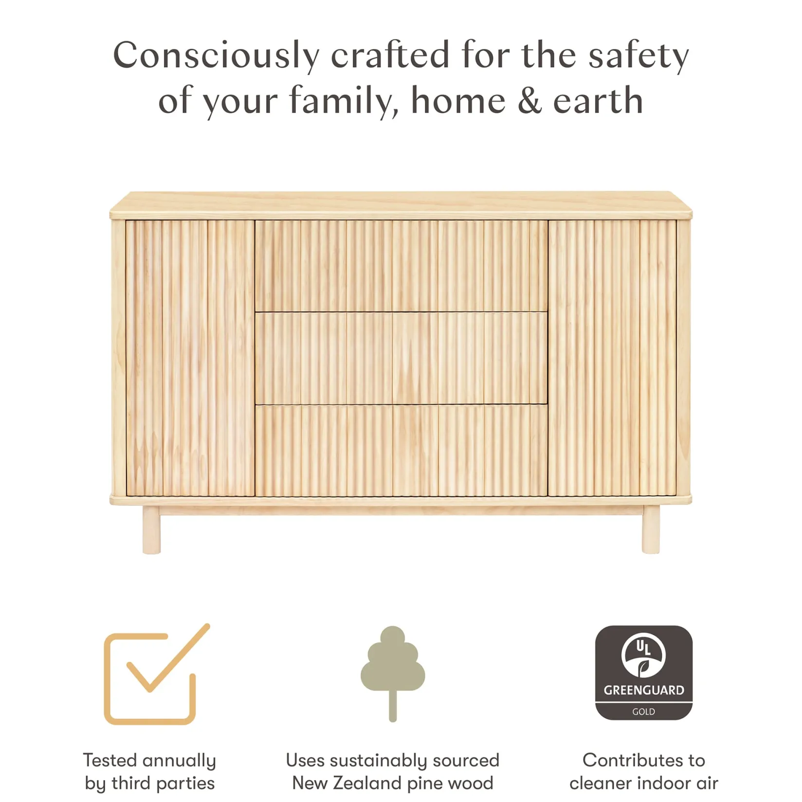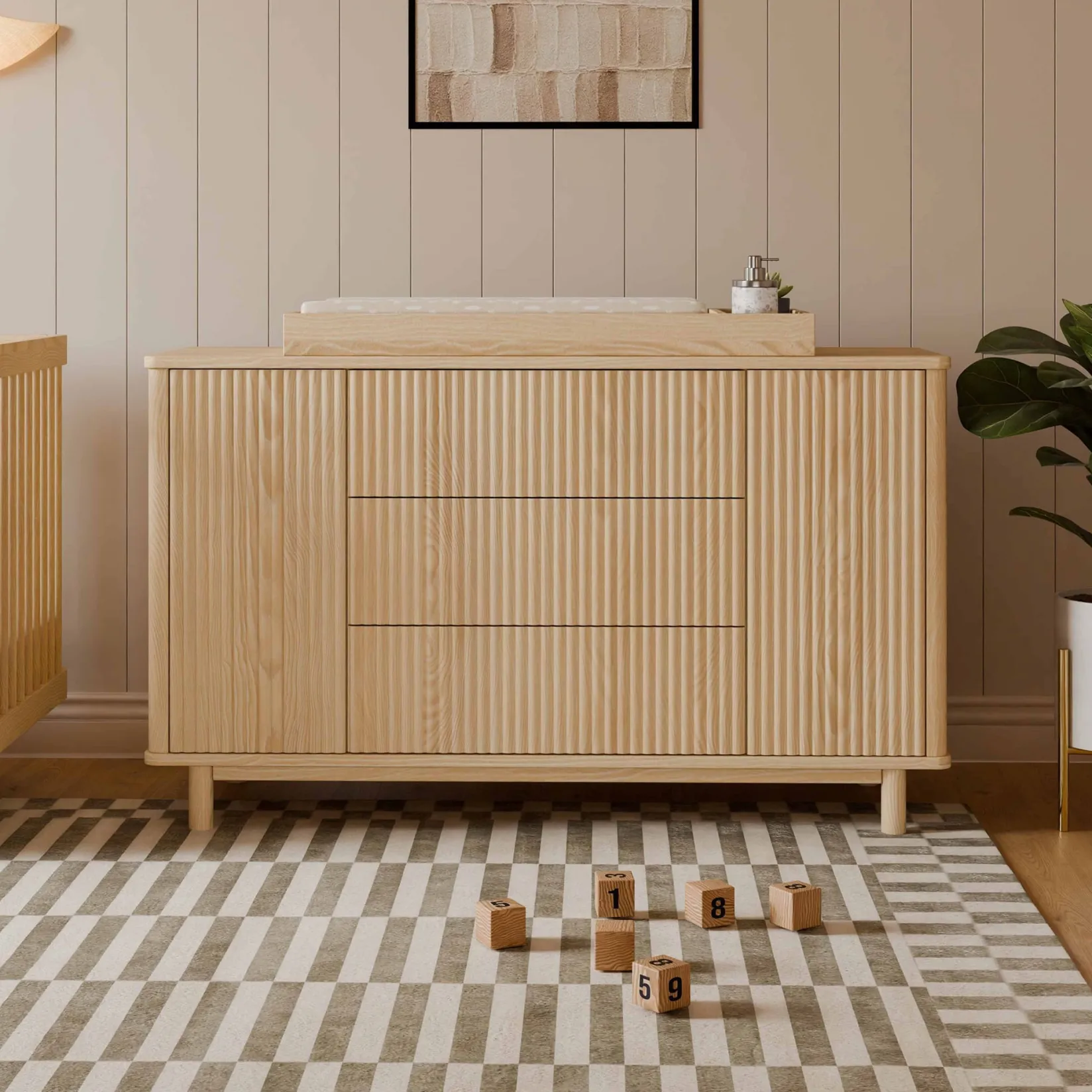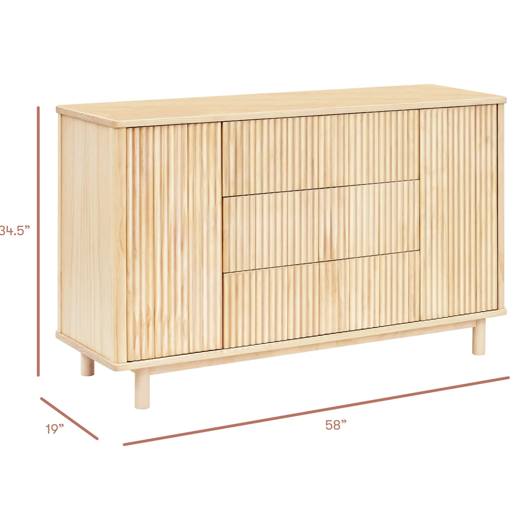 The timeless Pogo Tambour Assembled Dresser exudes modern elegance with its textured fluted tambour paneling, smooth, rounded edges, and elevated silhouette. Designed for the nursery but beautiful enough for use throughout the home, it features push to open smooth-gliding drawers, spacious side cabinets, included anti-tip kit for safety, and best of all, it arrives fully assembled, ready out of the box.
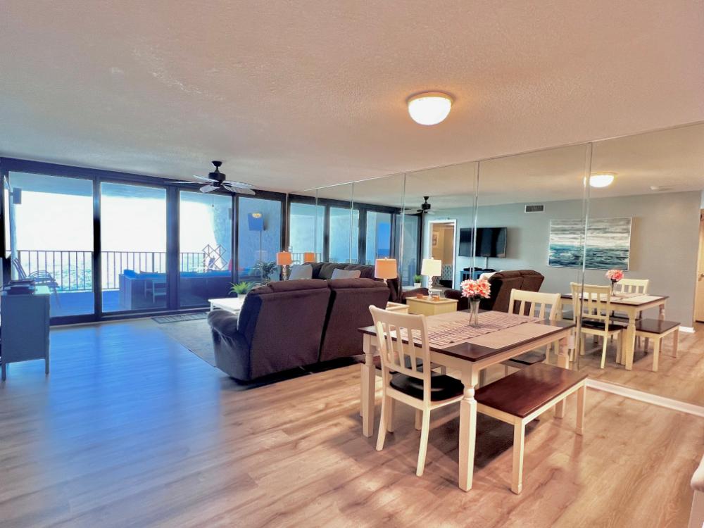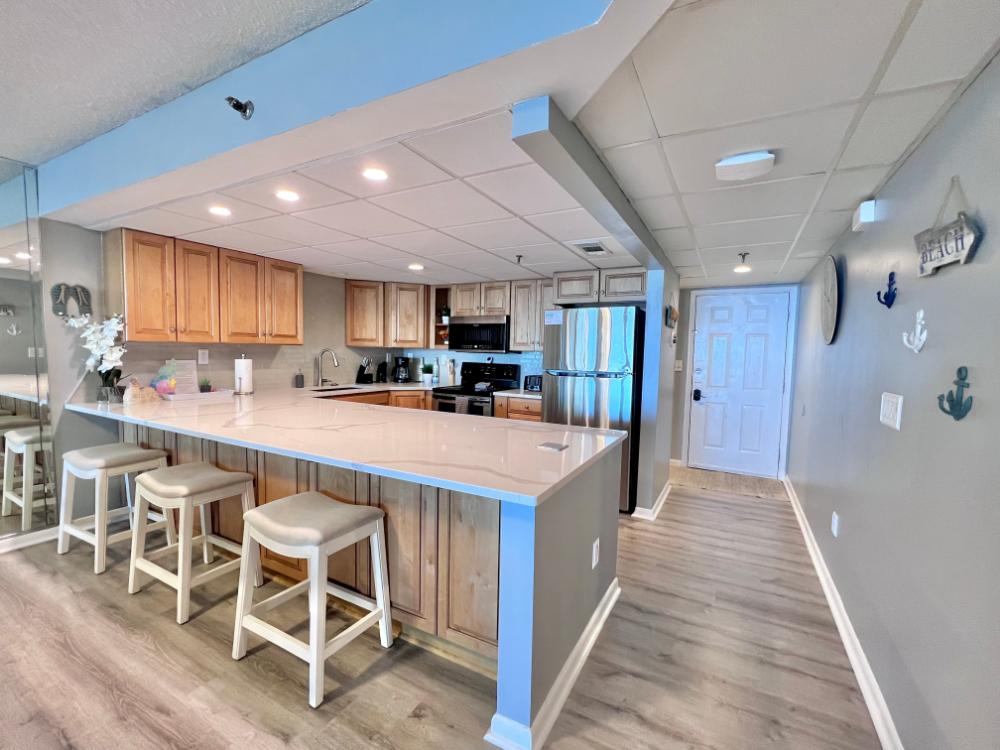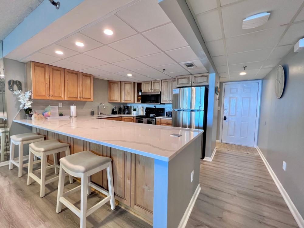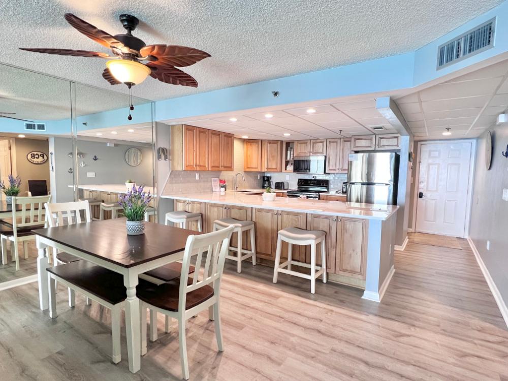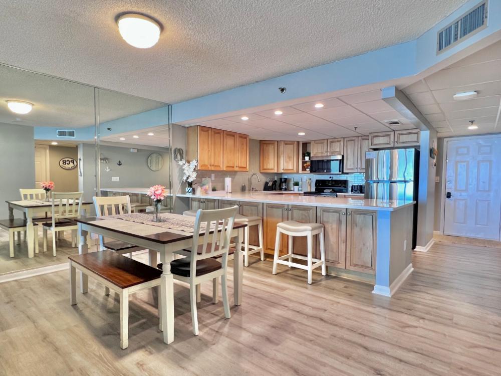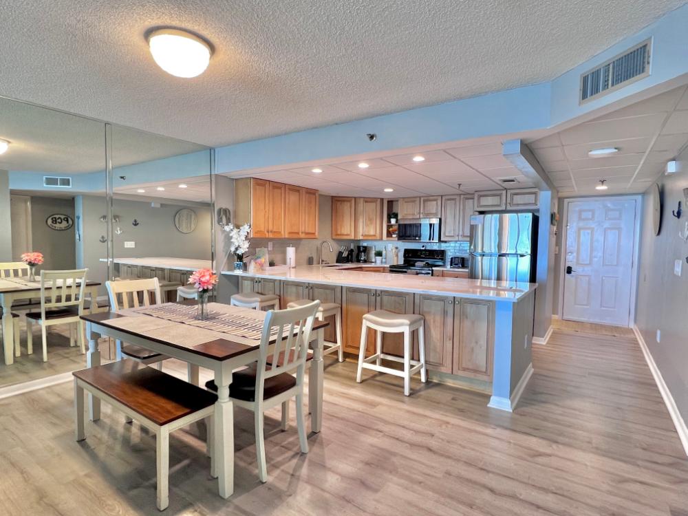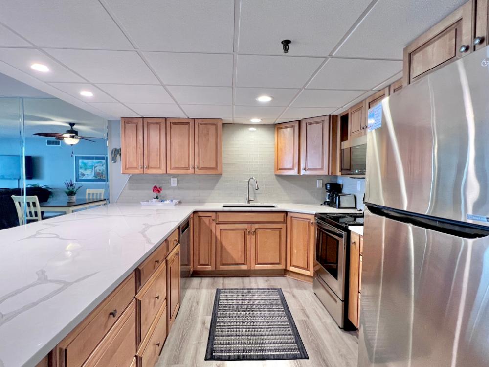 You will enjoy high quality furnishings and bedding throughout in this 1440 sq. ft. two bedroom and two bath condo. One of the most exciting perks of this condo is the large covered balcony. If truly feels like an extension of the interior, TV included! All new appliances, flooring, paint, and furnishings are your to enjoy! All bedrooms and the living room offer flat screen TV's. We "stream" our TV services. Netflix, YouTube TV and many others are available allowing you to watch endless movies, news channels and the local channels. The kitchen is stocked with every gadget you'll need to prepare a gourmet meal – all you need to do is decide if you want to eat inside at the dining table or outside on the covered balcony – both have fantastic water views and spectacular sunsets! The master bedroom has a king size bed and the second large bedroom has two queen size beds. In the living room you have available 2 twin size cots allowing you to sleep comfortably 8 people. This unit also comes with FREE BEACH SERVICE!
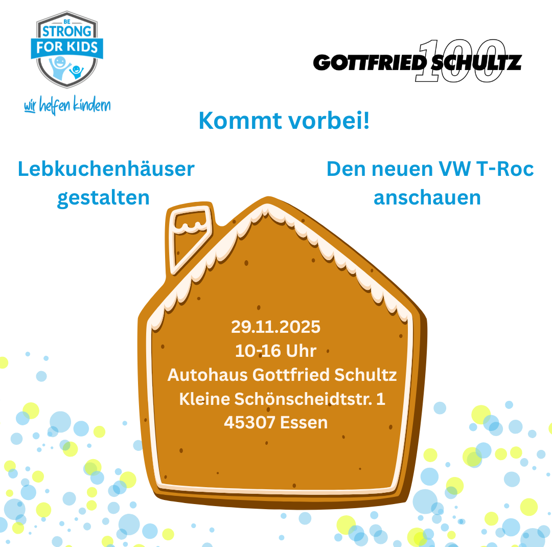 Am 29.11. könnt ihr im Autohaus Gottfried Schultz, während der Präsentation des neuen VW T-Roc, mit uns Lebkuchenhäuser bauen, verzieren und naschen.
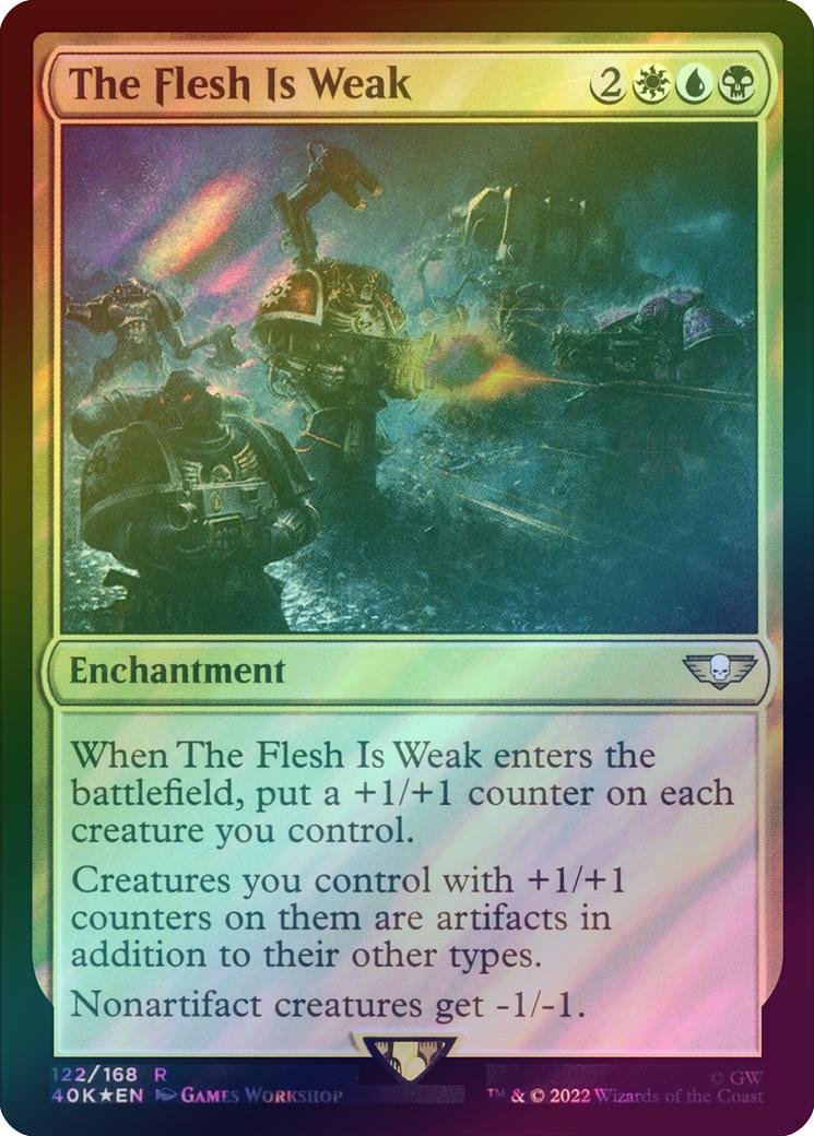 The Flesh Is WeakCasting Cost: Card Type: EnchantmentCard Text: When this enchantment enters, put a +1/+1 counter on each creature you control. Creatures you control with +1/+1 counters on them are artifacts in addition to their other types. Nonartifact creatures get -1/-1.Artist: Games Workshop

YOUR ASSIGNMENT: In the copy, only the lines from the one holding "Am 29.11. könnt" through the end of the listing above should appear, retyped exactly, both ends included, with no pictures.

COMPLETED TASK:
 Am 29.11. könnt ihr im Autohaus Gottfried Schultz, während der Präsentation des neuen VW T-Roc, mit uns Lebkuchenhäuser bauen, verzieren und naschen.
 The Flesh Is WeakCasting Cost: Card Type: EnchantmentCard Text: When this enchantment enters, put a +1/+1 counter on each creature you control. Creatures you control with +1/+1 counters on them are artifacts in addition to their other types. Nonartifact creatures get -1/-1.Artist: Games Workshop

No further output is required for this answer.